Dr. Paul Hawley
U.S. Department of Veterans Affairs
December 19, 2022
Head of VA Department of Medicine and Surgery led efforts to modernize the agency
Dr. Paul Hawley led the growth of VA's medical department during the agency's significant expansion following World War II.
Millions of U.S. soldiers returned to the United States after the end of World War II, swelling the Veteran population. Their vast needs for medical care were overwhelming the Veterans Administration, which was undergoing a major expansion.
Shortly after President Truman appointed General Omar Bradley, a senior U.S. Army officer, as the new VA administrator, Bradley named Major General Paul Hawley to lead the VA Medical Department. Hawley, the Army’s chief surgeon during World War II, was well familiar with the medical needs of wounded and returning service members. He sought to address the flood of military personnel who needed medical care.
Bradley and Hawley recruited more high-profile leaders to VA, including Dr. Paul Magnuson, a highly regarded academic surgeon from Chicago who became the VA Assistant Chief Medical Director for Research and Education.
Hawley was associated with VA for nearly two years. During that time, he helped enact a measure (Public Law 293) that led to a rebirth of the agency’s near-dormant medical research program, among other accomplishments.
Efforts led to dramatic increase in VA hospital staff
According to “A Historical Look at the Establishment of the Department of Veterans Affairs Research & Development Program” by Dr. Marguerite Hays, Bradley, Hawley, and Magnuson collaborated to push the concept of a VA medical corps through Congress. In his staunch support of Public Law 293, which created sweeping changes to Veterans’ health care, including the launching of VA’s Department of Medicine and Surgery, Hawley told the Senate:
“Unless [Public Law 293] is enacted into law at once, before the recess of Congress, the Medical Service of the Veterans Administration will suffer further grave consequences, which may be irreparable.
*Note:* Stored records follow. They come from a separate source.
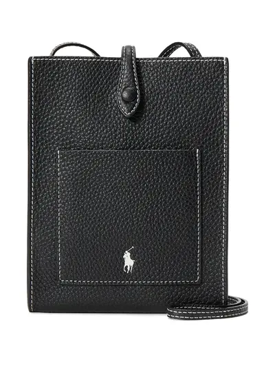 Подробнее о товаре: • черный • зернистая текстура • знаковый логотип Polo Pony • накладной карман • застежка на кнопке • ремень на плечо • контрастная строчка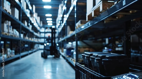 © The Little Hut, Fototapeta premium Blur background of smart robotic machine inspecting product in storage Warehouse interior with shelves bins and a forklift Industrial storage and logistics facility Design for poster S : Generative AI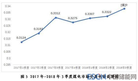2018年以來,隨著煤炭市場價格波動拉升以及市場交易的理性回歸,煤電市場交易電價呈緩步回升趨勢。自2017年4季度以來,煤電市場交易平均電價已連續(xù)四個季度保持增長。2018年3季度,大型發(fā)電集團煤電市場交易平均電價為0.3380元/千瓦時,較去年同期提高0.0068元/千瓦時。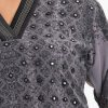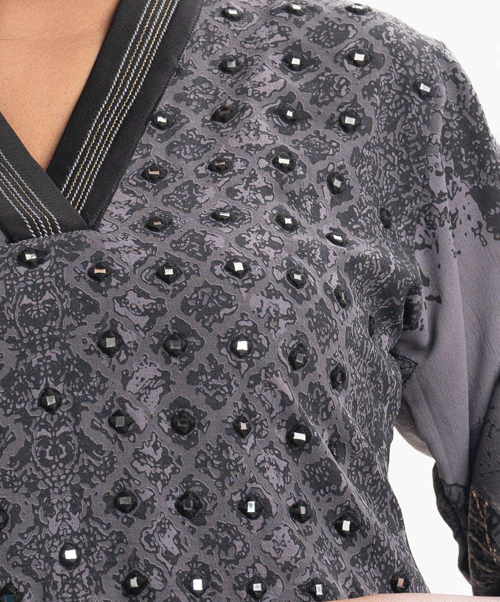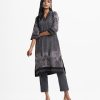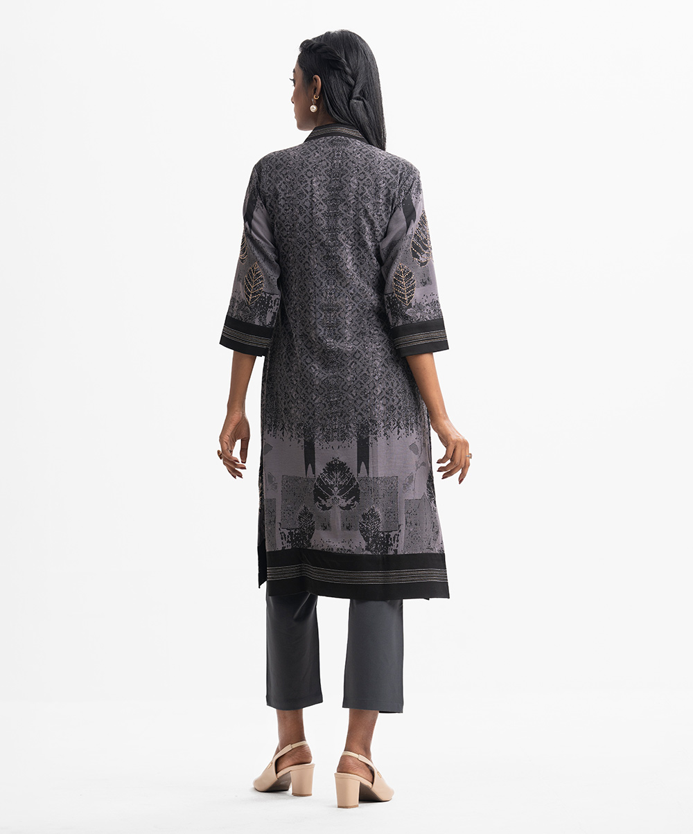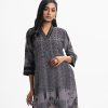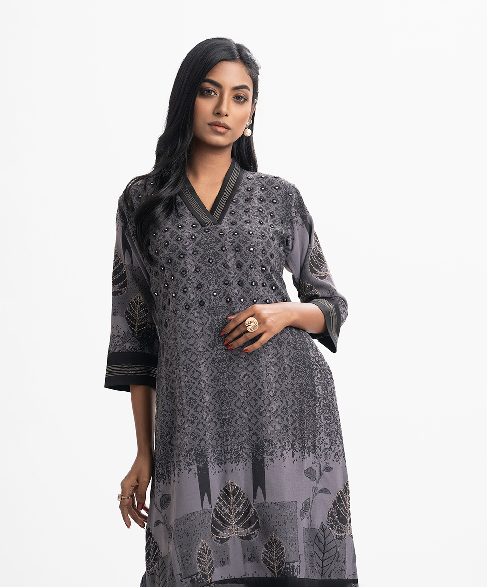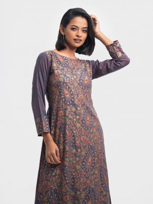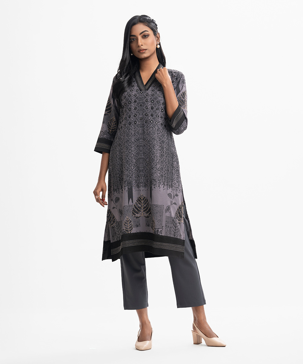 Kimono-neck A-line kameez in blended gergette fabric. Matching patch on the collar and cuffs. Embroidery at the front.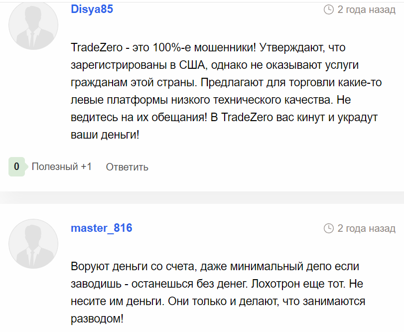 В отрицательных отзывах о TradeZero люди уверяют, что компания занимается мошенничеством. По их словам, брокер предлагает для торговли площадки и спреды, которые заведомо приводят к убытку. Многие пишут, что разработчики проекта воруют деньги прямо со счета. Они говорят, что эта биржа является разводом для новичков.

In the interests of thousands of disabled Veterans who have by their sacrifices earned better medical care than they are now receiving, I urge immediate action on this bill.”
Truman signed the measure into law on Jan. 3, 1946. It enabled VA to recruit and retain top medical personnel by modifying the civil service system.
Hawley, a master planner, was also instrumental in linking VA medicine with the nation’s medical schools. He fought to locate VA hospitals alongside medical schools, giving VA access to specialty care—as well as interns, clerks, and residents—not available in many areas where Congress was trying to direct the construction of new VA facilities.
Every physician would be a `Veteran’s physician’
Equipped with the freedom to hire doctors, improve salaries, and partner with medical schools for the first time, VA’s Department of Medicine and Surgery thrived. Under the new law, physicians leaving the military could now be quickly hired as staff physicians in VA hospitals. Hawley’s goal was to have “every physician in each community designated as a Veteran’s physician,” Hays wrote. He believed physicians and surgeons were the backbone of the nation’s medical system and gave them primary credit for the much-reduced casualty rates in World War II.
During Hawley’s tenure, VA increased its full-time staff of doctors from 600 to more than 4,000. VA hospitals gained about 1,000 residents, after having no physicians in training prior to 1946. Plus, VA’s beneficiary population reached 4 million, and nearly half of VA’s 124 hospitals were affiliated with medical schools. Hawley had dramatically increased the number of physicians, nurses, and social workers employed by VA.
Born in West College Corner, Indiana on Jan. 31, 1891, Hawley attended Indiana University and graduated with a bachelor’s degree. He later earned his medical degree at the University of Cincinnati College of Medicine.
Hawley was commissioned a first lieutenant in the U.S. Army Medical Reserve Corps in 1916. He reached the rank of Major General. After a 30-year career in the Army Medical Corps and his stint in VA, he served as executive director of the American College of Surgeons from 1950 to 1961. He passed away at age 74 on Nov. 24, 1965, following a battle with cancer, and is buried at Arlington National Cemetery in Virginia.